▼
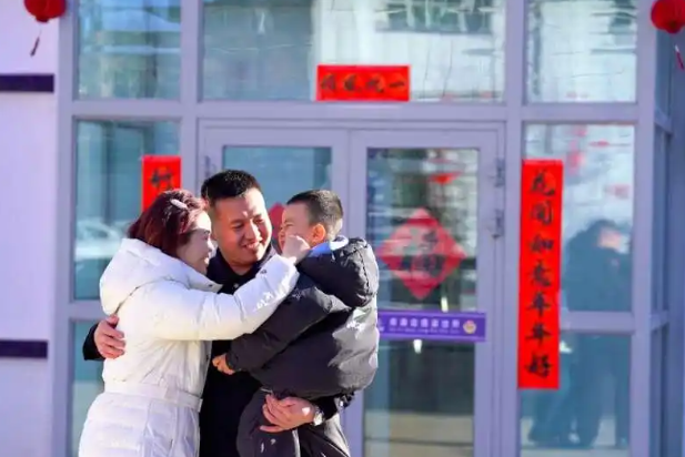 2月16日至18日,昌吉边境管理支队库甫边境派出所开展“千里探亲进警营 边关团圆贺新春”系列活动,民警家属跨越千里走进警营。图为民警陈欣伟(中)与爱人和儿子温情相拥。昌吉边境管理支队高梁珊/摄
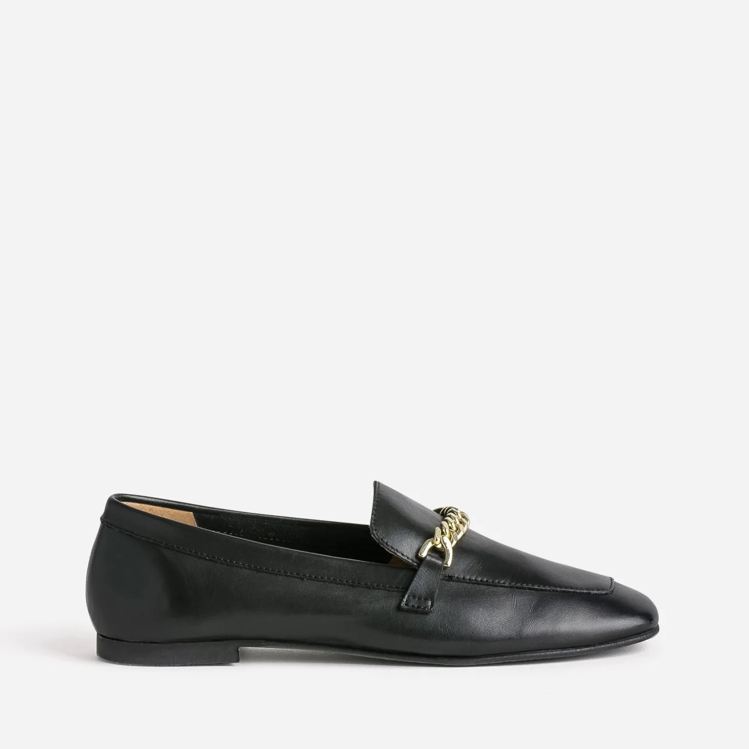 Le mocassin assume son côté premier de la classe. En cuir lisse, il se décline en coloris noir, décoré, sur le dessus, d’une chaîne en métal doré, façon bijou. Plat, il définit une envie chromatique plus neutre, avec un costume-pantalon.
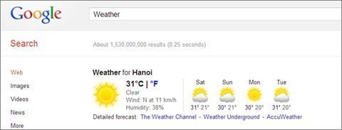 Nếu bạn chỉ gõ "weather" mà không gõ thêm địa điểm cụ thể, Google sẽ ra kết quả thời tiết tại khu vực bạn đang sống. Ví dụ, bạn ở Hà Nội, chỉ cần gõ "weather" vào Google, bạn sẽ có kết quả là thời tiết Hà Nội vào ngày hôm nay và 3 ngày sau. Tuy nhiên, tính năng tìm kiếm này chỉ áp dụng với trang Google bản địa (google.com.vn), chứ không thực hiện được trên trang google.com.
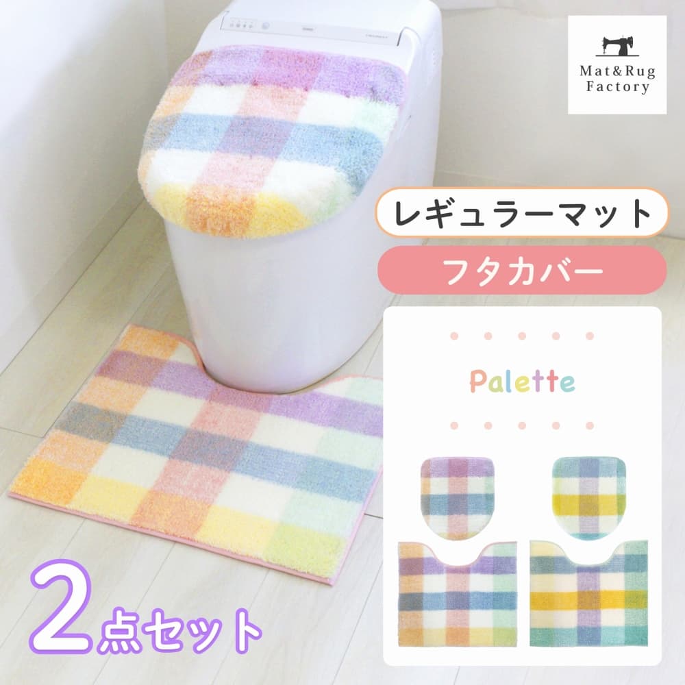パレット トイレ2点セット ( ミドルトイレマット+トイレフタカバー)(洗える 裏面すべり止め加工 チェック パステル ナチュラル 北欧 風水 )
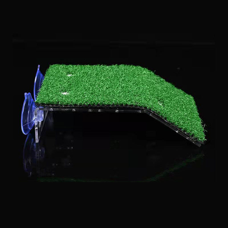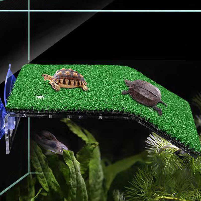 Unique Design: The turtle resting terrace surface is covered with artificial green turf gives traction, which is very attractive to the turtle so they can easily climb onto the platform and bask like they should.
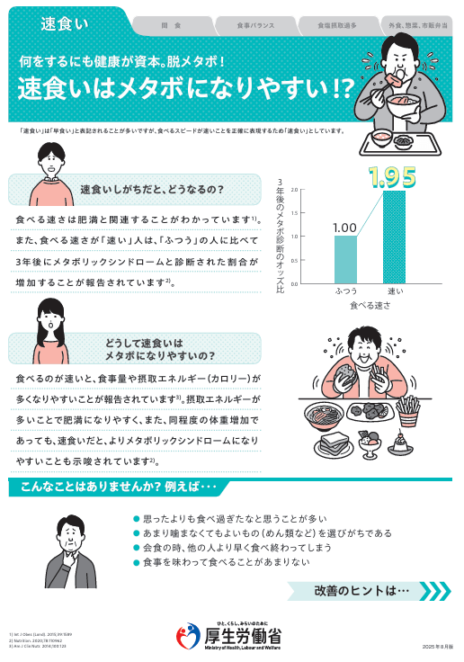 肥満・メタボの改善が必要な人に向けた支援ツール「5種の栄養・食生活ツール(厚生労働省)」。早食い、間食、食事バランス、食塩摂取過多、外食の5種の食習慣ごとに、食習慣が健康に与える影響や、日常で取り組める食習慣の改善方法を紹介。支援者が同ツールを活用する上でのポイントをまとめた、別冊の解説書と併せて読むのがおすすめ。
▲
-- How to complete this task --
Everything from the line holding "パレット トイレ2点セット ( ミドルトイレマット+トイレフタカバー)(洗える" to the close of the records should be written out exactly, both ends included, with pictures omitted.

-- Result for this exercise --
パレット トイレ2点セット ( ミドルトイレマット+トイレフタカバー)(洗える 裏面すべり止め加工 チェック パステル ナチュラル 北欧 風水 )
 Unique Design: The turtle resting terrace surface is covered with artificial green turf gives traction, which is very attractive to the turtle so they can easily climb onto the platform and bask like they should.
 肥満・メタボの改善が必要な人に向けた支援ツール「5種の栄養・食生活ツール(厚生労働省)」。早食い、間食、食事バランス、食塩摂取過多、外食の5種の食習慣ごとに、食習慣が健康に与える影響や、日常で取り組める食習慣の改善方法を紹介。支援者が同ツールを活用する上でのポイントをまとめた、別冊の解説書と併せて読むのがおすすめ。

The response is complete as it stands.